After locating the line that contains "彩色宗教象神纹身手稿图片" in the data below, set down exactly that line and each one after it through the line that contains "Phân tích các", and nothing more.

→ ENTRIES PROVIDED:
▼

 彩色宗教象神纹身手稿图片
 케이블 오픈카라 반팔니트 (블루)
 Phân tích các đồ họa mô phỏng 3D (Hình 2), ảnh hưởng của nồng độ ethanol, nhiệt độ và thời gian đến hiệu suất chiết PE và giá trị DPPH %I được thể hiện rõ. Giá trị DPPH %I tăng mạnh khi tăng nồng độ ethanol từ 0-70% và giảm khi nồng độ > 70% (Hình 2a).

▲
▼

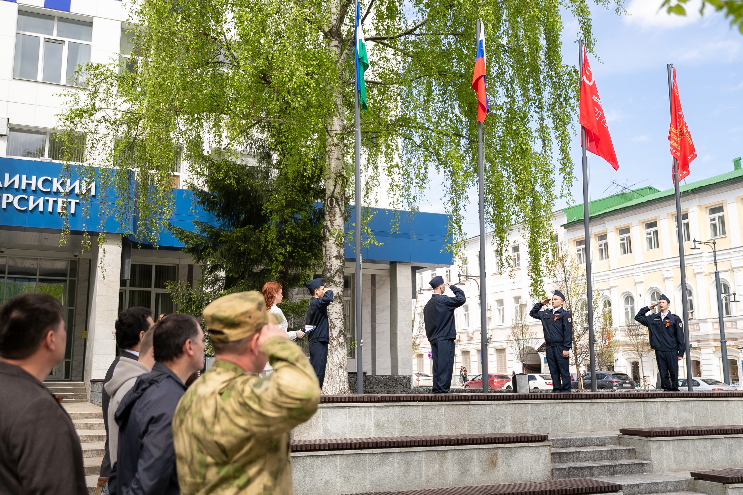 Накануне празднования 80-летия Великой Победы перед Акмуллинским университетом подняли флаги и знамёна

▲
▼

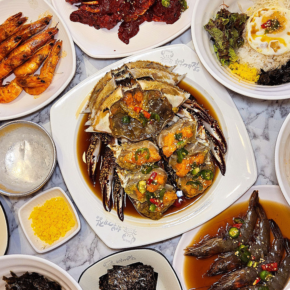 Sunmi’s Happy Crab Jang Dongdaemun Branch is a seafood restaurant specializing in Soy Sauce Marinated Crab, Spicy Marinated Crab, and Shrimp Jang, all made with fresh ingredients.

▲

→ ANSWER TO THIS EXERCISE:
 彩色宗教象神纹身手稿图片
 케이블 오픈카라 반팔니트 (블루)
 Phân tích các đồ họa mô phỏng 3D (Hình 2), ảnh hưởng của nồng độ ethanol, nhiệt độ và thời gian đến hiệu suất chiết PE và giá trị DPPH %I được thể hiện rõ. Giá trị DPPH %I tăng mạnh khi tăng nồng độ ethanol từ 0-70% và giảm khi nồng độ > 70% (Hình 2a).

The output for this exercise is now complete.